Exercise objective: The output is the lines below from the one with "Balení obsahuje 10" through the one with "Le top Kyoto", both included, printed exactly and with no other line.

Data for processing:
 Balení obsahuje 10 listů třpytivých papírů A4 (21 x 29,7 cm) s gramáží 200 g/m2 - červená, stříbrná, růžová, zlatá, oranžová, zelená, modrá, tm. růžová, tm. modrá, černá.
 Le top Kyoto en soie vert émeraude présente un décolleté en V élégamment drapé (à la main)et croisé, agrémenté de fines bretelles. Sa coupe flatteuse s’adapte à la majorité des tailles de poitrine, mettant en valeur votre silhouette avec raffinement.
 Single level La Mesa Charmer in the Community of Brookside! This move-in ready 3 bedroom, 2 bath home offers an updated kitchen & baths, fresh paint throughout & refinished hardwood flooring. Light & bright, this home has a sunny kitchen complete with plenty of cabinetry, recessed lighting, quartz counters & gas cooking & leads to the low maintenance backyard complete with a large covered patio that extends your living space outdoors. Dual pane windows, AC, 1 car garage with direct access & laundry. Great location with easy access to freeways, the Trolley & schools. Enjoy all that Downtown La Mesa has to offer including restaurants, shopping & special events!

...

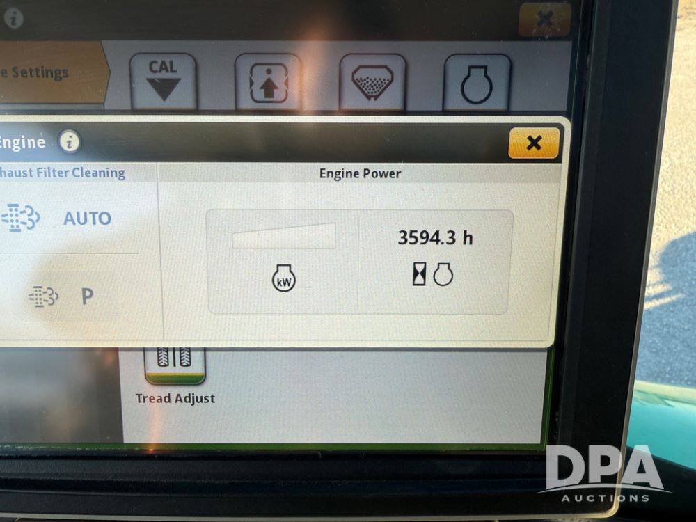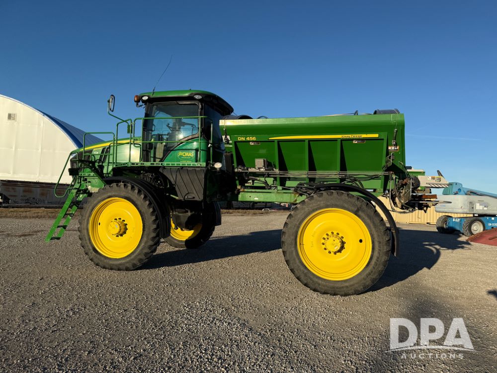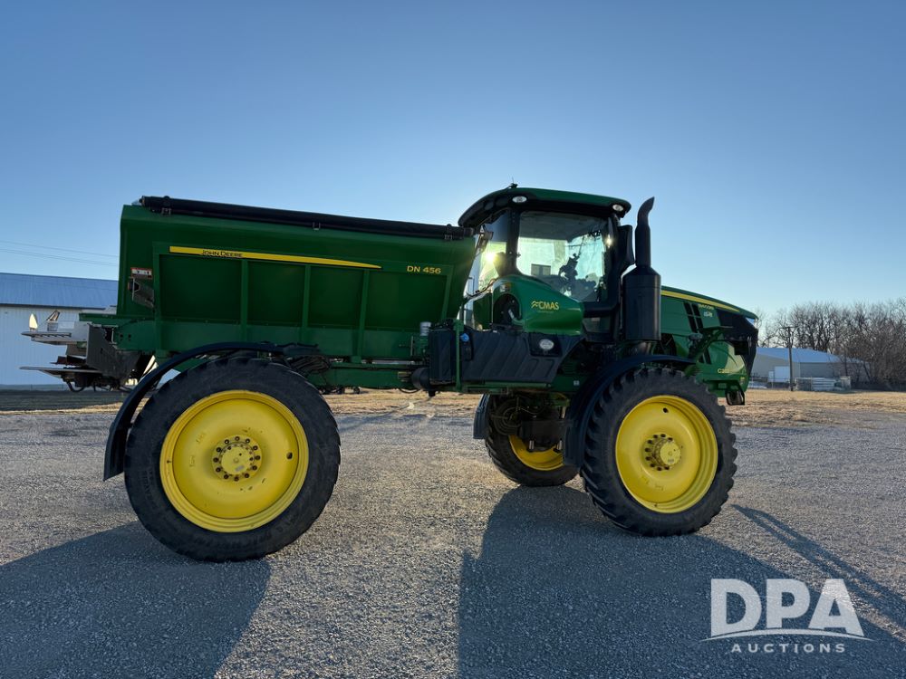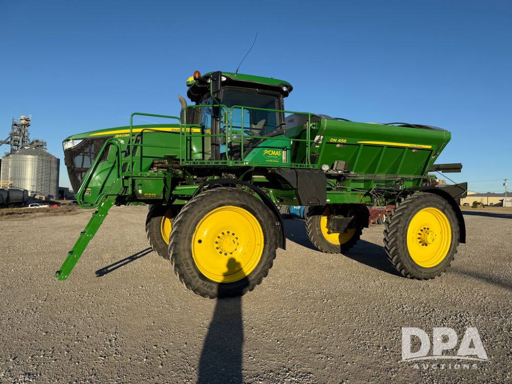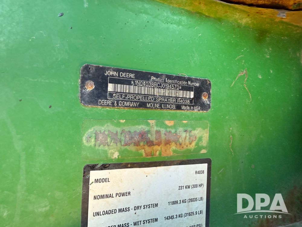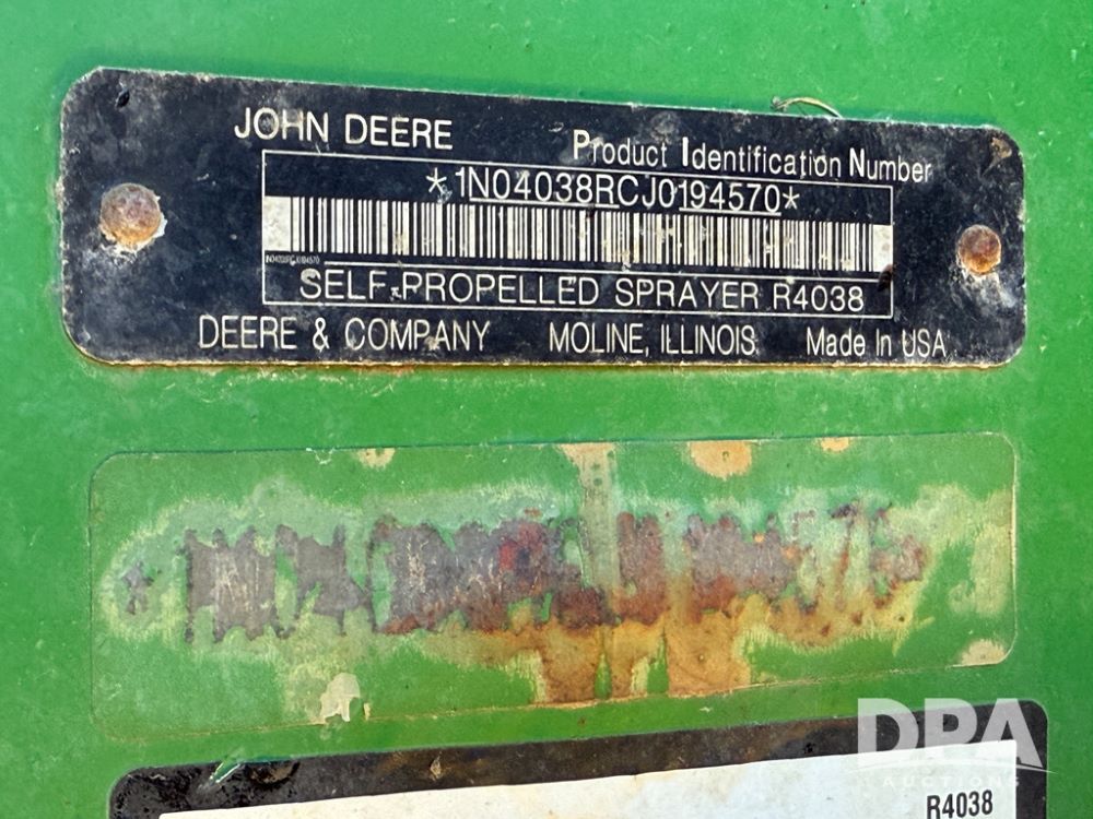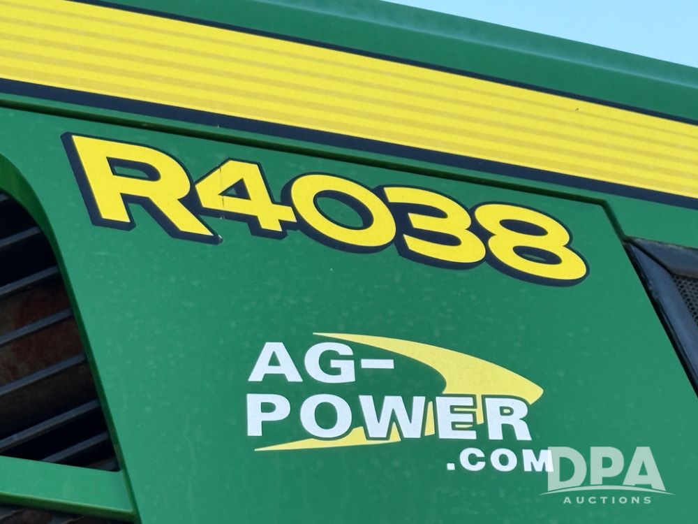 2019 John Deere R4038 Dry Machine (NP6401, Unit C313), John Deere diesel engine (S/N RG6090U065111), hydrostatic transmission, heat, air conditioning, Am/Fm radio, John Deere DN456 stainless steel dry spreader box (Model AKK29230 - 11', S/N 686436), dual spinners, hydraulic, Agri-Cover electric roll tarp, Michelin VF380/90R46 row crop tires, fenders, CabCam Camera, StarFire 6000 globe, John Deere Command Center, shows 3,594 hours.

Your response:
 Balení obsahuje 10 listů třpytivých papírů A4 (21 x 29,7 cm) s gramáží 200 g/m2 - červená, stříbrná, růžová, zlatá, oranžová, zelená, modrá, tm. růžová, tm. modrá, černá.
 Le top Kyoto en soie vert émeraude présente un décolleté en V élégamment drapé (à la main)et croisé, agrémenté de fines bretelles. Sa coupe flatteuse s’adapte à la majorité des tailles de poitrine, mettant en valeur votre silhouette avec raffinement.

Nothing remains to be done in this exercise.